:: THE TASK ::
Starting at the first line of the listing below, retype each line up to and including the one that contains "Studijní text se". Leave pictures out.

>>>

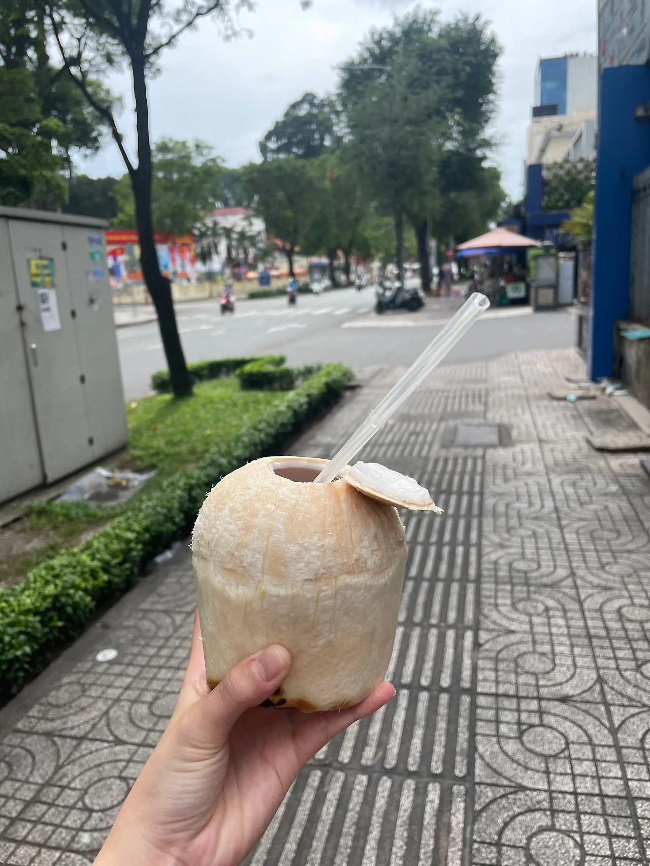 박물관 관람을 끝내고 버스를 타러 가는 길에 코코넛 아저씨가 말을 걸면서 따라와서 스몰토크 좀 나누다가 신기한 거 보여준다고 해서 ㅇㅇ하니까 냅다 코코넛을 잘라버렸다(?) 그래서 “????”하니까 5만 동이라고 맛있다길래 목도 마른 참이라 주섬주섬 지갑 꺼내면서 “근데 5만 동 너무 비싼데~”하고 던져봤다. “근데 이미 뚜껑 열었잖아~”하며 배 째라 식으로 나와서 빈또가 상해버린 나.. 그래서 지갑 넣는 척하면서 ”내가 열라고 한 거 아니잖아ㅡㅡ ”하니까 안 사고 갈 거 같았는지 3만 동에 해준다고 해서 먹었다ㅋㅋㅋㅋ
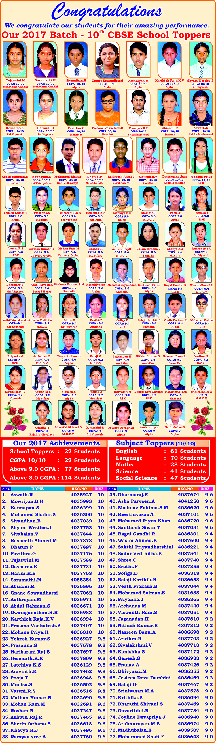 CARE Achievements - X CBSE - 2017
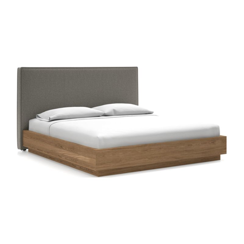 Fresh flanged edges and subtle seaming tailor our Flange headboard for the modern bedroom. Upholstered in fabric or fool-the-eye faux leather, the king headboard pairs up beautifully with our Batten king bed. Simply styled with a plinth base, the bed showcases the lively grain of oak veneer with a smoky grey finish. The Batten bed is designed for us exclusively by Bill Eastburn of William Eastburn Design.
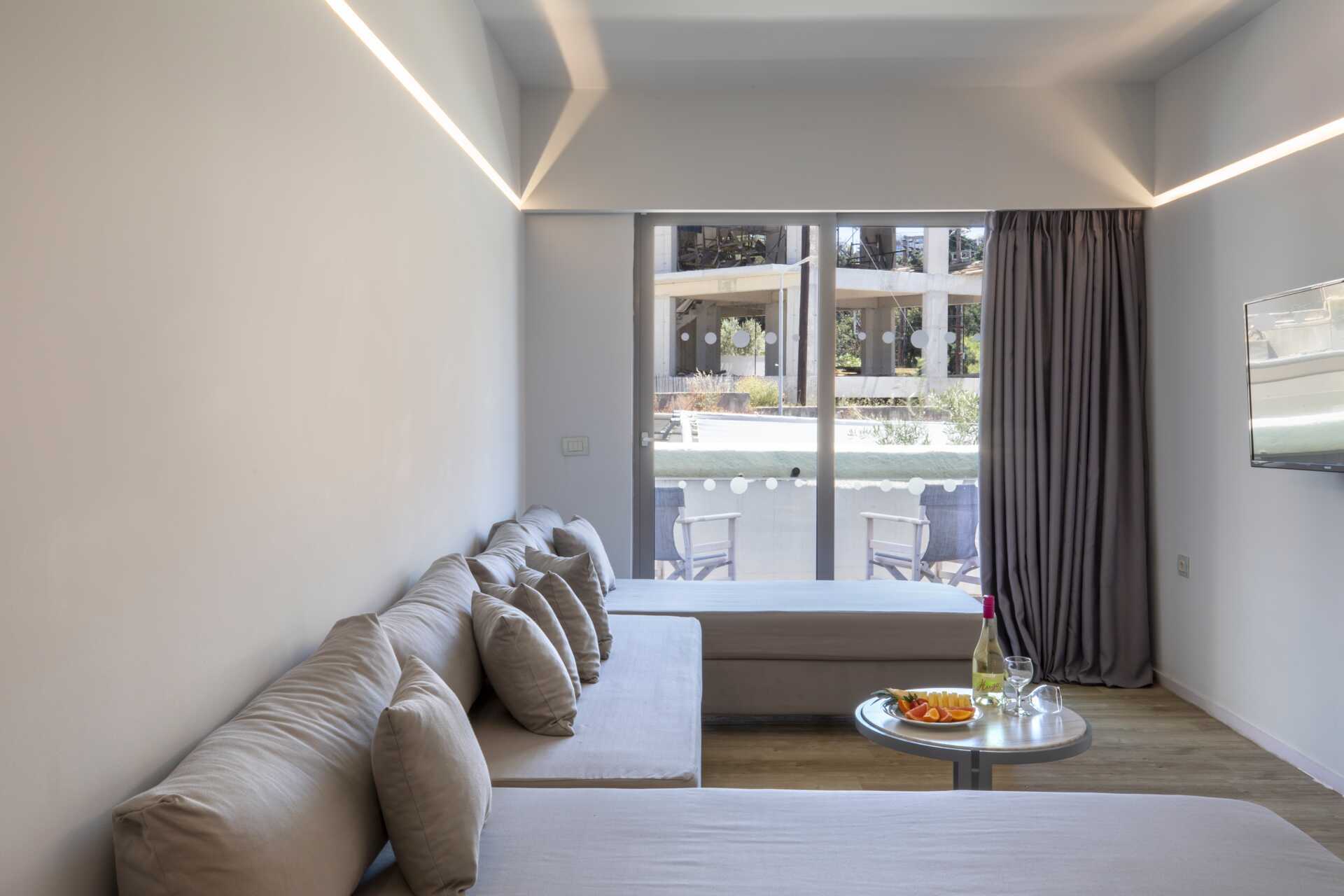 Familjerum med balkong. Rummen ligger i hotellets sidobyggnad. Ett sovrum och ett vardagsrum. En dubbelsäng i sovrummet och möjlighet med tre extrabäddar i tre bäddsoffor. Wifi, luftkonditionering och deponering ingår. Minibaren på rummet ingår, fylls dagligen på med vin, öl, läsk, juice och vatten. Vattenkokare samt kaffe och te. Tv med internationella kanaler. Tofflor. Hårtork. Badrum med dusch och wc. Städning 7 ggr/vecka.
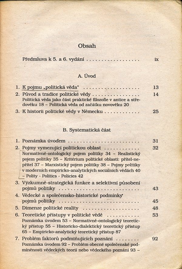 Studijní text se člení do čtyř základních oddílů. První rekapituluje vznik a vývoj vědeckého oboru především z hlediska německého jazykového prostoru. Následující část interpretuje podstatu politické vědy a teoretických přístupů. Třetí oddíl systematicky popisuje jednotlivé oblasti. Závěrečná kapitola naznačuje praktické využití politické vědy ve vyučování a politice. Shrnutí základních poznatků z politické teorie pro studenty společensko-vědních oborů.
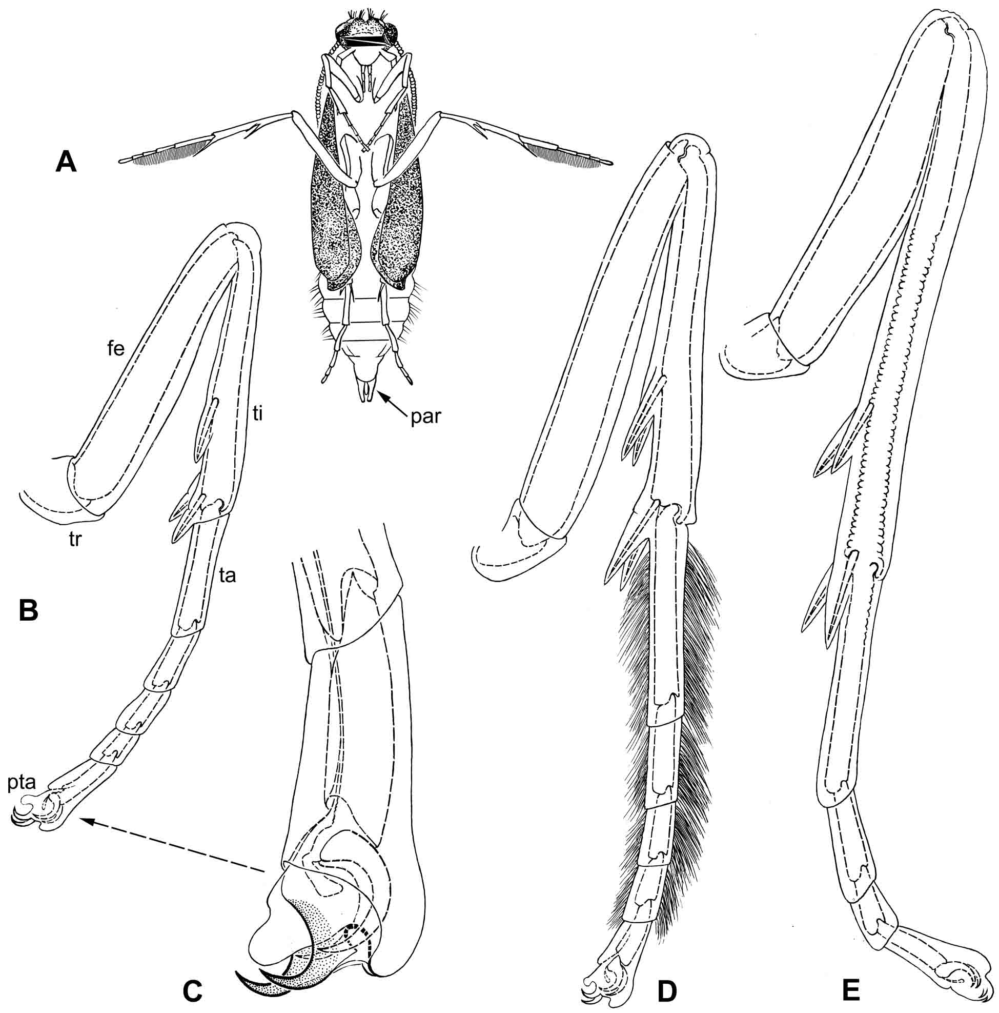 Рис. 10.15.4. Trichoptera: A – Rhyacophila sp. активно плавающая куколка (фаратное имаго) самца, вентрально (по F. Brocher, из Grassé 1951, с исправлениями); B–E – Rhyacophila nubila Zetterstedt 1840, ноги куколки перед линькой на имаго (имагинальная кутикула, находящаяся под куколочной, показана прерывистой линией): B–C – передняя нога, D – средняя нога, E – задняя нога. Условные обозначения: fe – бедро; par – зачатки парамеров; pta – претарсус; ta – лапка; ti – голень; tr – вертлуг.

<<<

:: SOLUTION ::
 박물관 관람을 끝내고 버스를 타러 가는 길에 코코넛 아저씨가 말을 걸면서 따라와서 스몰토크 좀 나누다가 신기한 거 보여준다고 해서 ㅇㅇ하니까 냅다 코코넛을 잘라버렸다(?) 그래서 “????”하니까 5만 동이라고 맛있다길래 목도 마른 참이라 주섬주섬 지갑 꺼내면서 “근데 5만 동 너무 비싼데~”하고 던져봤다. “근데 이미 뚜껑 열었잖아~”하며 배 째라 식으로 나와서 빈또가 상해버린 나.. 그래서 지갑 넣는 척하면서 ”내가 열라고 한 거 아니잖아ㅡㅡ ”하니까 안 사고 갈 거 같았는지 3만 동에 해준다고 해서 먹었다ㅋㅋㅋㅋ
 CARE Achievements - X CBSE - 2017
 Fresh flanged edges and subtle seaming tailor our Flange headboard for the modern bedroom. Upholstered in fabric or fool-the-eye faux leather, the king headboard pairs up beautifully with our Batten king bed. Simply styled with a plinth base, the bed showcases the lively grain of oak veneer with a smoky grey finish. The Batten bed is designed for us exclusively by Bill Eastburn of William Eastburn Design.
 Familjerum med balkong. Rummen ligger i hotellets sidobyggnad. Ett sovrum och ett vardagsrum. En dubbelsäng i sovrummet och möjlighet med tre extrabäddar i tre bäddsoffor. Wifi, luftkonditionering och deponering ingår. Minibaren på rummet ingår, fylls dagligen på med vin, öl, läsk, juice och vatten. Vattenkokare samt kaffe och te. Tv med internationella kanaler. Tofflor. Hårtork. Badrum med dusch och wc. Städning 7 ggr/vecka.
 Studijní text se člení do čtyř základních oddílů. První rekapituluje vznik a vývoj vědeckého oboru především z hlediska německého jazykového prostoru. Následující část interpretuje podstatu politické vědy a teoretických přístupů. Třetí oddíl systematicky popisuje jednotlivé oblasti. Závěrečná kapitola naznačuje praktické využití politické vědy ve vyučování a politice. Shrnutí základních poznatků z politické teorie pro studenty společensko-vědních oborů.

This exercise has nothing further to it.